0

I have an xml file and I want to manipulate the tags using the Java DOM, but its size is 25 gega-octets, so its telling me I can't and shows me this error:

Exception in thread "main" java.lang.OutOfMemoryError: Java heap space

    public Frwiki() {
        filePath = "D:\\compressed\\frwiki-latest-pages-articles.xml";
    }

    public void deletingTag() throws Exception {
        DocumentBuilderFactory factory = DocumentBuilderFactory.newInstance();
        Document doc = factory.newDocumentBuilder().parse(filePath);
        NodeList nodes = doc.getElementsByTagName("*");

        for (int j = 0; j < 3; j++) {
            for (int i = 0; i < nodes.getLength(); i++) {
                Node node = nodes.item(i);
                if (!node.getNodeName().equals("id") && !node.getNodeName().equals("title")
                        && !node.getNodeName().equals("text") && !node.getNodeName().equals("mediawiki")
                        && !node.getNodeName().equals("revision") && !node.getNodeName().equals("page"))
                    node.getParentNode().removeChild(node);
            }
        }

        Transformer transformer = TransformerFactory.newInstance().newTransformer();
        transformer.transform(new DOMSource(doc), new StreamResult(filePath));
    }
Robert
  • 7,394
  • 40
  • 45
  • 64
Moharach
  • 3
  • 2
  • When are you getting Java Lang Out of Memory? When reading the file or in the for loop? What line is getting that error? – Gatusko Jan 19 '23 at 14:14
  • 2
    Unless you have a huge machine, you won't be able to create a DOM tree of a 25G XML file.
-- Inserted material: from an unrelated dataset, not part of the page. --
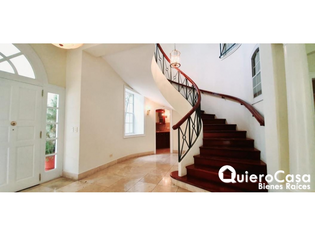 - cisterna del 10,000 galones con su bomba. Esta propiedad tiene las siguientes características: Sala, Comedor, Cocina, Área para Desayunador, Walk in Closet, Habitación de Servicio con su Baño, Lavandería Interna, Aire Acondicionado, Área Social, Patio, Piscina Propia.

Best guess that will require something close to 250G RAM. See if you can use one of the streaming XML APIs instead, such as SAX or StAX. – ewramner Jan 19 '23 at 14:31
  • i had no error number when the exception occurred, i cannot read a file of 25 go, i am looking for a way to read it line by line. – Moharach Jan 22 '23 at 08:19

2 Answers2

1

You can split a large file into smaller files using XSLT 3.0 streaming, like this:

<xsl:transform version="3.0" xmlns:xsl="http://www.w3.org/1999/XSL/Transform">
    
    <xsl:template name="xsl:initial-template">
      <xsl:source-document streamable="yes" href="frwiki-latest-pages-articles.xml">
        <xsl:for-each-group ....>
           <xsl:result-document href="......">
              <part><xsl:copy-of select="current-group()"/></part>
           </xsl:result-document>
        </xsl:for-each-group>
      </xsl:source-document>
    </xsl:template>
    
</xsl:transform>

The "..." parts depend on how you want to split the document and name the result files.

Although XSLT 3.0 streaming is a W3C specification, the only implementation available at the moment is my company's Saxon-EE processor.

Michael Kay
  • 156,231
  • 11
  • 92
  • 164
-1

Split the large XML file into smaller chunks and process them separately.